07-06-2018 12:24 AM - edited 07-06-2018 10:15 AM
I edited this post because when I posted it I was very emotional coming off of a failed exam.
Basically to make things short. The problem was that I know testimony of 2 spark developers and my own experience in a previously failed exam, that we were able to import the spark-csv.jar via the --packages import during our exam certifications, so I came prepared to handle CSV files using that library as I was sure it was going to be available. This time, I couldn't import it, I ended up answering 6 out of 9 problems because the 3 missing problems all relied on CSV files, and I simply didn't train on how to do this with bare spark.
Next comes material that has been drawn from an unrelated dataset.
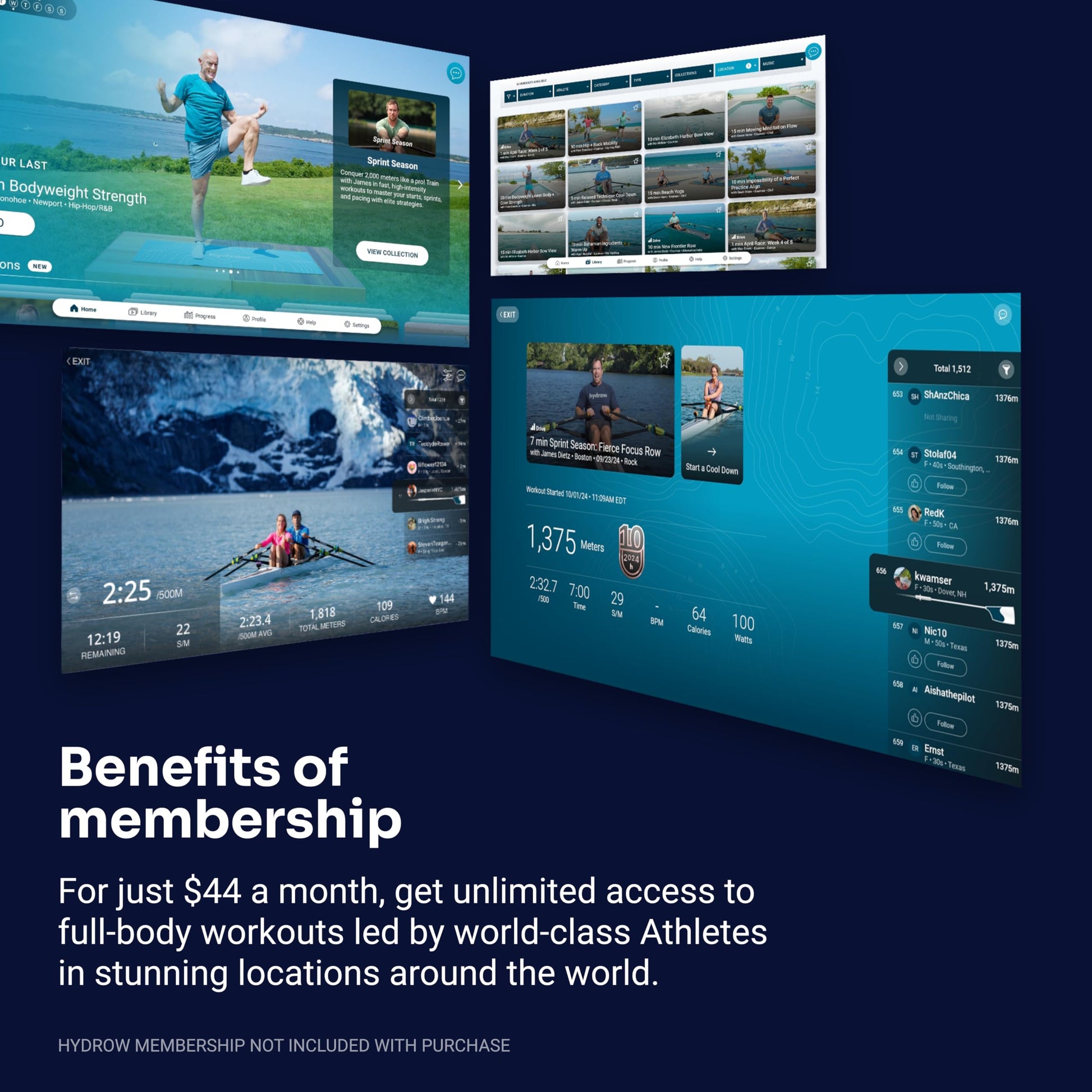- GET A MEMBERSHIP, THEN GET STARTED. For just $44/month, unlock over 5,000 at-home workouts for all fitness levels. Explore a range of workout styles, including cardio, strength, recovery, and more — all led by world-class instructors in stunning locations around the world. (NOTE: Memberships are sold separately from Hydrow rowing machines.)

The techniques I've found online afterwards, are all pretty cumbersome and most if not all use the map function from the RDD API, I only really trained using the Dataframe API.
I setup a claim to email@example.com and they answered that they have never given the ability to anyone to import any third party libraries. This is not true. Not only was I able to import it during my first certification exam... 2 other developers that I know who are certified were able to import it as well, and following the logic, I'm pretty sure many others have been able to do so.
In the end, this topic is here in order to raise awareness about this issue. The official statement from Cloudera was that this is not possible, so be prepared to handle CSV files without spark-csv.jar, or face desperation trying to experiment techniques and browse API docs in the midst of a certification exam.